Il ne faut donc pas s'étonner si la pensée, loin de s'affaiblir, prend au contraire de la force pendant le sommeil. Le somnambulisme naturel démontre la vivacité des conceptions de l'esprit pendant la nuit; mais ici l’activité mentale ne s'exerce plus sur les réalités du présent. — L'âme ne se sert plus qu'a peine des organes de relation qui la mettent en rapport avec le monde extérieur. — La force mentale paraît se replier sur elle-même, à l'exclusion des objets extérieurs, et combiner en grande partie ses impressions ressenties pendant l'état de veille. La mémoire et l'imagination retracent au somnambule avec netteté ses préoccupations, ses affections, ses idées; mais là où la mémoire, l'imagination seraient insuffisantes, le somnambule devient incapable de conception ou de tout acte extérieur.

Un sujet endormi parcourait les appartements, l’œil fixe, sans apercevoir ceux qui l'entouraient, sans se heurter aux meubles. C'était si bien la mémoire qui le guidait que si l'on changeait la place d'une chaise et si l'on mettait cet obstacle sur son passage, il donnait contre et s'éveillait.

Un soir, Castelli, en traduisant de l'italien en français, s'endormit; il continua à chercher les mots dans le dictionnaire. On éteignit sa lampe; il n'y vit plus, bien que des bougies éclairassent l'appartement. Il lui fallut rallumer sa lampe pour continuer son travail.

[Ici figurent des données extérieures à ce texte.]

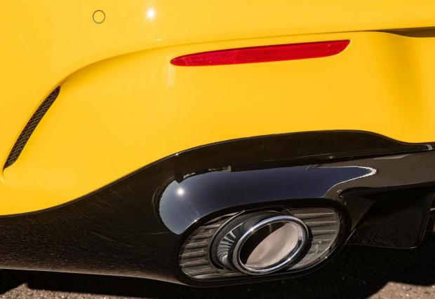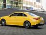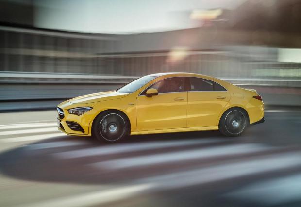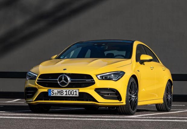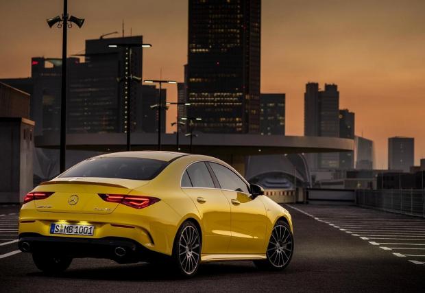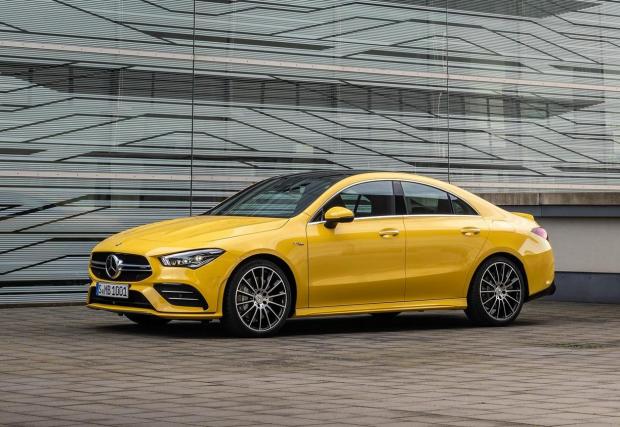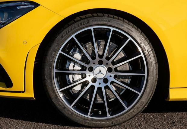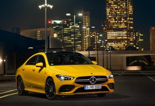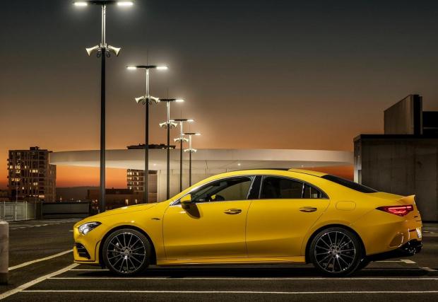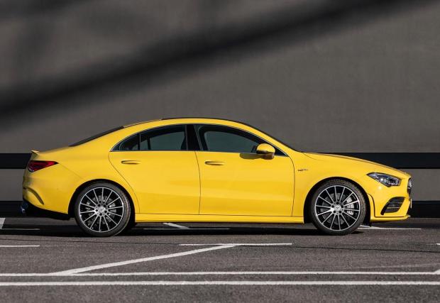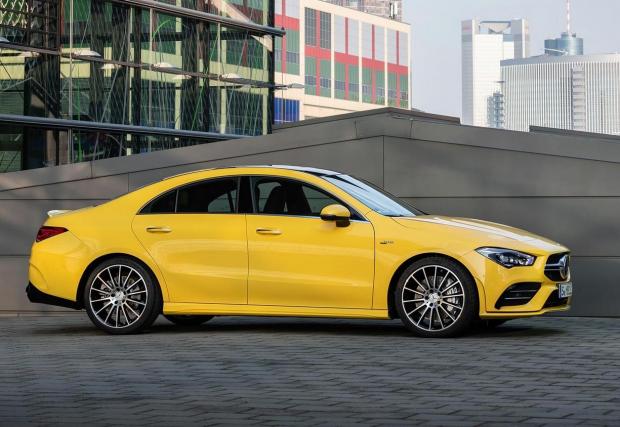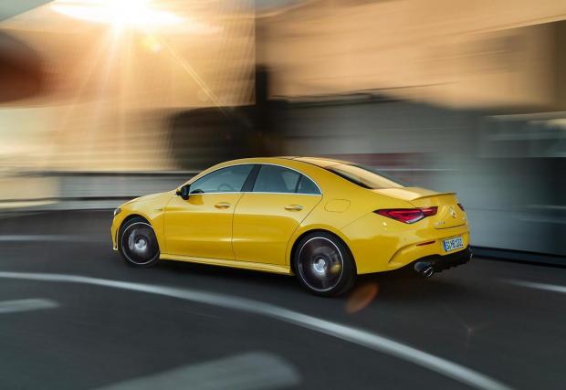 Визията също е любопитна. Mercedes засега показва само жълт екземпляр от спортния седан и цветът определено ни допада много. В сравнение с обикновен CLA, AMG 35 вариантът идва с допълнителен лип за предната броня, по-изразителен дифузер отзад и два големи кръгли накрайника на изпускателната система. Стандартното оборудване включва 18-цолови колела, но можете да доплатите и за 19-ки.
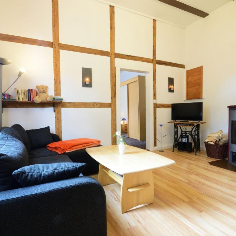 Die Ferienwohnung befindet sich in absolut ruhiger Lage, mitten im Waldgebiet des Naturparks Sternberger Seenland. Vor dem Haus befindet sich eine große möblierte Terrasse. Das Grundstück ist eingezäunt und für die Kinder steht eine Sandkiste zur Verfügung. Die Wohnung bietet auf 50 m² ausreichend Platz für bis zu 5 Personen + Kleinkind + Hund. Das Wohnzimmer ist mit einem Kaminofen, Sat-TV, Schlafsofa (1,80 m breit), Esstisch, einer voll ausgestatteten Küchenzeile ausgestattet. Das Schlafzimmer besitzt ein massives Doppelbett (1,80 m breit) und ein Doppelstockbett (auch für Erwachsene geeignet). Im Bad befindet sich eine Badewanne, Waschmaschine, ein WC und Waschbecken. Für wohlige Wärme im Bad sorgt eine Fußbodenheizung. Ein Kinderreisebett, Kinderhochstuhl und WLAN sind kostenfrei. Sie können direkt vom Eigentümer Fahrräder und ein Ruderboot mieten.

Le passage de l'état de veille à l'état de sommeil est lui-même très curieux; il n'est pas généralement immédiat, mais graduel. Quelquefois il fait naître des phénomènes qui présentent de l'analogie avec ceux du somnambulisme.

Au réveil, il semble qu'il faille littéralement remettre la machine humaine en vitesse; c'est un moteur qui hésite à reprendre son mouvement. Au moment où nous nous endormons, au contraire, les perceptions sont encore sensibles. Nous profitons de la vitesse acquise. Dans tous les cas, l'homme n'a pas le sentiment exact de ce qui l'environne. Cet état intermédiaire n'est pas sans dangers pour l'homme; les actes qu'il commet sont souvent automatiques et il peut même avoir à en répondre devant les tribunaux. M. Legrand du Saulle cite quelques-uns de ces cas singuliers.

Un jeune homme était souvent tourmenté par des rêves terribles. Une nuit que son père s'était levé, il entendit le grincement d'une porte. Il saisit son fusil et attendit en guettant celui dont les pas s'approchaient. Aussitôt que son père fut à portée, il le frappa en pleine poitrine.

Bernard Schidmaizig, couché avec sa femme sous un hangar, s'éveille en sursaut à minuit. A côté de lui, il voit debout un fantôme. — Qui va là? crie-t-il à deux reprises. — Le fantôme au lieu de répondre marche droit sur lui. Égaré par la terreur, Schidmaizig saisit la hache qui lui servait dans le jour et frappa le spectre. Un profond soupir et le bruit que fit le corps en tombant rappela le meurtrier à la raison. Bernard Schidmaizig avait mortellement blessé sa femme.